Archive for August 10, 2014
Study finds increased STEM enrollment: Taking from education and business
First the good news: STEM enrollment is up. Then the surprising news: Humanities are not losing students to STEM. Rather, it’s the professional fields like education that are losing enrollment. That makes CS Ed (and other STEM discipline-based education research (DBER) fields) the odd winner-losers. Yay, there are more students, but there will be fewer STEM teachers in the future to teach them.
Policy makers regularly talk about the need to encourage more undergraduates to pursue science and technology fields. New data suggest that undergraduates at four-year institutions in fact have become much more likely to study those fields, especially engineering and biology.
And while much of the public discussion of STEM enrollments has suggested a STEM vs. liberal arts dichotomy (even though some STEM fields are in fact liberal arts disciplines), the new study suggests that this is not the dynamic truly at play. Rather, STEM enrollments are growing while professional field enrollments (especially business and education) are shrinking.
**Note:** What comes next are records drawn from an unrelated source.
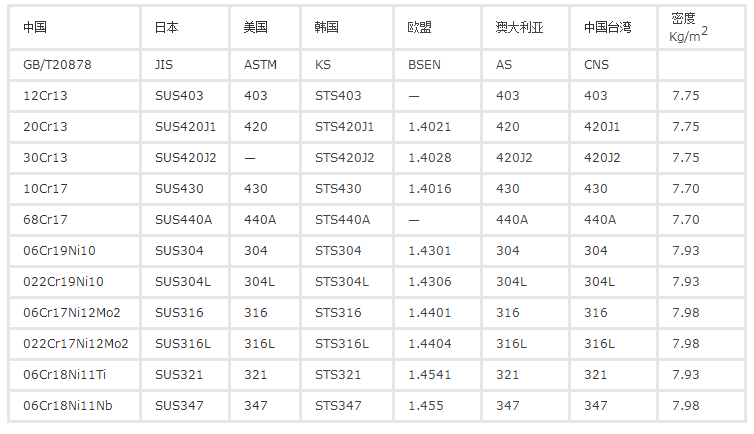 不銹鋼板標(biāo)準(zhǔn)鋼號(hào)密度表
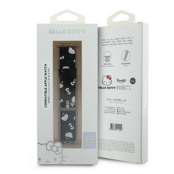 Cinturino Hello Kitty Leather Kitty & Bows per Apple Watch 42mm / 41mm / 40mm / 38mm Series, Nero
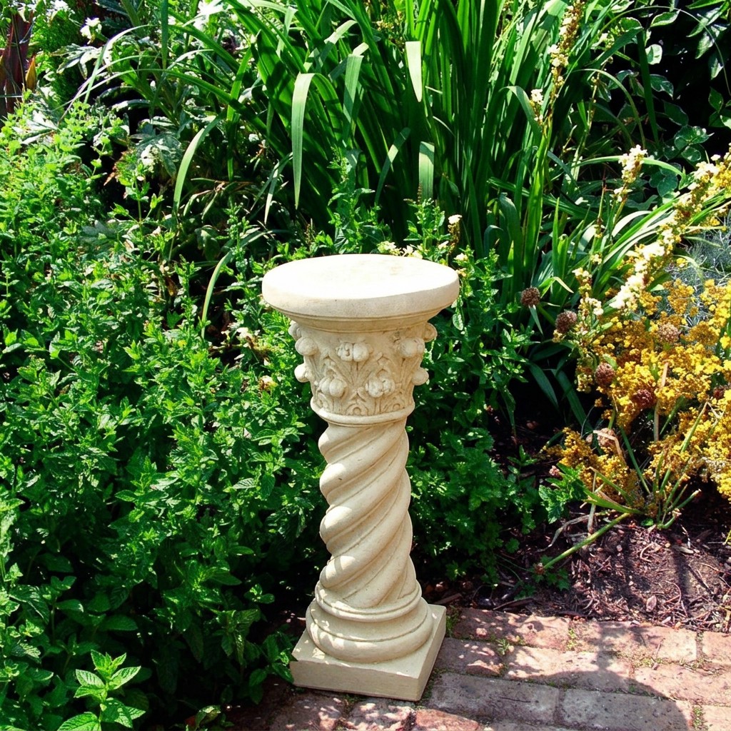 The Roman Column Garden Pedestal stands 680mm tall with a twisted shaft and classical fruit motifs carved into cast stone.

via Study finds increased STEM enrollment since the recession | Inside Higher Ed.
The ComputerWorldK agrees. They claim that the smart students were going into business, then Wall Street collapsed, and now they’re going into CS and that’s why we’re having sky-rocketing enrollments.
The number of computer science graduates will continue to increase. Computer science enrollments rose by nearly 30% in the 2011-12 academic year, and they increased 23% the year before that.
The trend of enrollment increases since 2010 bodes well for a “future increase in undergraduate computing production,” according to the report.
The recession that hit in 2008 sent IT unemployment soaring, but it may have done more damage to the finance sector, especially in terms of reputation. That prompted some educators at the time to predict that the recession might send math-inclined students from the world of hedge funds to computer science.
via Wall Street’s collapse was computer science’s gain – Computerworld.